Starting point is 00:10:20 The problem is that it's expensive. It's a quadratic complexity in the input or the contact length, as we call it. Now, when we had input of a thousand, thousand squared is fine, but we're now pushing a million, a million square is not fine. And so you need to deal with that. Part of it is smaller language models. That doesn't quite deal with the contact length side of things. but then rethinking the architecture.
Starting point is 00:10:46 So the state-based model, which is inherently linear and not quadratic, and mixing it just a little bit transformer, it gives you the best of both worlds. What about verticalization of knowledge? Is there a movement to say, hey, this small language model is going to focus really on accounting
Starting point is 00:11:02 to just put it in business categories. This one is just really amazing at legal concepts. and you know that when you throw this legal brief into it, or on the accounting side, you throw this RFP into it, these are huge contacts windows, dumping cases of case law and trying to process them. Is it just about the speed and the cost, or is it also about the accuracy because the model has been constrained to not have to worry about, oh, all the movies and songs ever written in the world, and every blog post about those songs and music in the world, is it actually going to result in a higher fidelity of content?
Starting point is 00:11:41 Sort of answer, yes. I'm sorry, I'm always nuanced. But the longer answer is that there's some general common sense that the baseline model has learned that you want to retain, even if it's just, you know, mastering, correct English, you know, language, you know, grammar. And so as you attain more domain-specific language, it's okay to forget certain same but not the others.

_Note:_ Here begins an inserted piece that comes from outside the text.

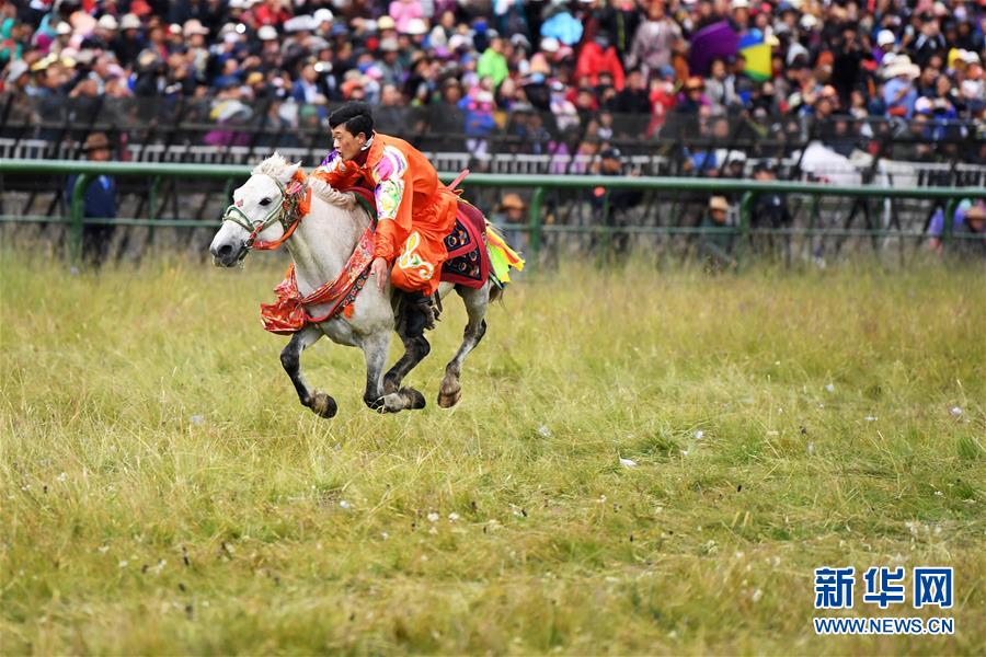 8月13日,骑手在赛马节开幕式上表演。 当日,第十二届格萨尔赛马节在甘肃省甘南藏族自治州玛曲县拉开帷幕。本届赛马节为期6天,共有来自西藏、青海、内蒙古、四川、甘肃等省区的52支队伍900多匹赛马参加速度赛和耐力赛等项目的比赛,期间还将举办草原音乐节、马术表演、民间弹唱等活动。 新华社记者 陈斌 摄
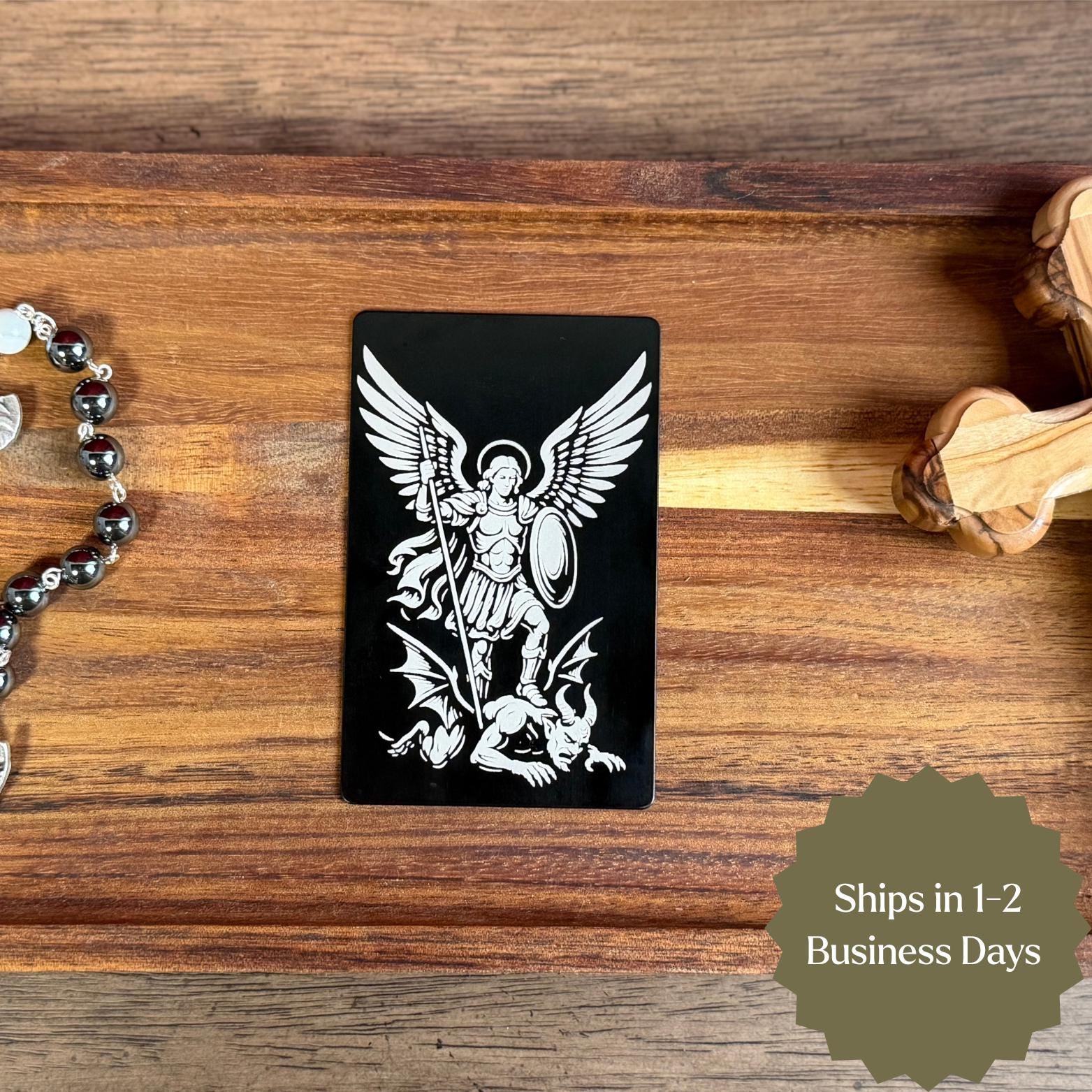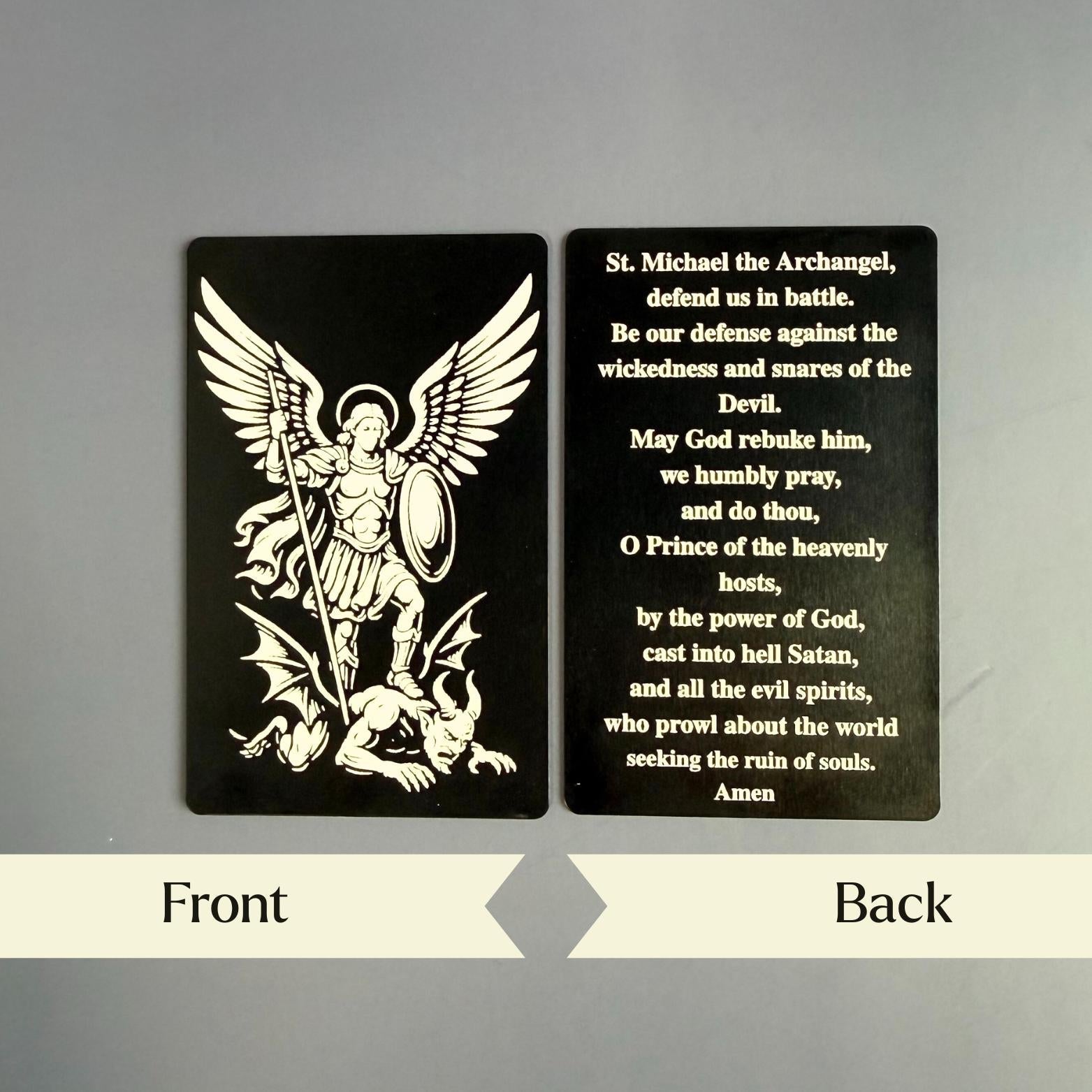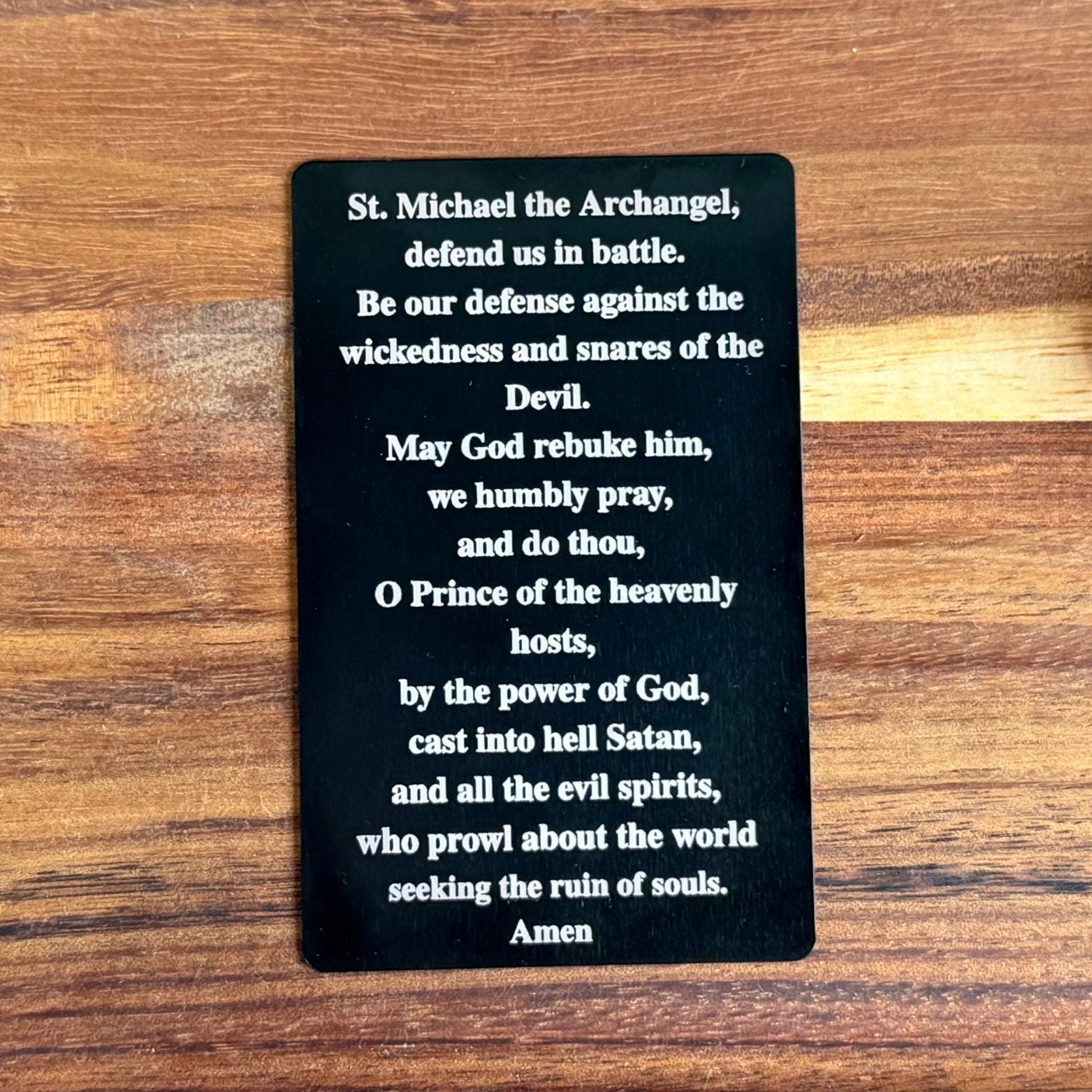 This metal prayer card offers a wallet-sized Catholic protection prayer keepsake for Police Officers and any Catholic men in the form of a pocket-sized religious item featuring Saint Michael the Archangel. A perfectly thoughtful devotional gift for Fathers, Priests, seminarians, or anyone with a devotion to Saint Michael who appreciate having a tough and durable daily carry religious item to invoke his spiritual protection.

So the art here is to just remember the right stuff. Let's talk a little bit about agent-to-agent protocols. People don't know. A2A is a protocol for
Starting point is 00:12:23 interoperability between agents. You know, technologists are always looking at what's around the corner. If you do get your agents working well, let's say the accounting department agent doing purchase orders and paying bills, eventually you might want that agent to interact, between companies, maybe to put an RFP out to get five companies to bid for, I don't know, the new shed you're building or the new software that you want written. And agent-to-agent protocol is going to solve for that. But this is, we're talking within the last 60, 90 days, this stuff is all starting to be publicly released by Google, other players. And we're starting to see some consensus from different technology companies and data sources that this is the next
Starting point is 00:13:14 big thing. Is anybody actually got this in deployment now in your experience? What are the early results like? What are people thinking this will do? No, I think it's too early for anything to have been in production, even in the ideal scenario. So this is not a knock on A2A, just too early. So first of all, I think kudos to Google for shepherding this and a good start. But it's It's just a start, and we have to realize the limitations. So the vision that there's several things that excite people when they hear about multiple agents coordinating. Part of it is something for nothing.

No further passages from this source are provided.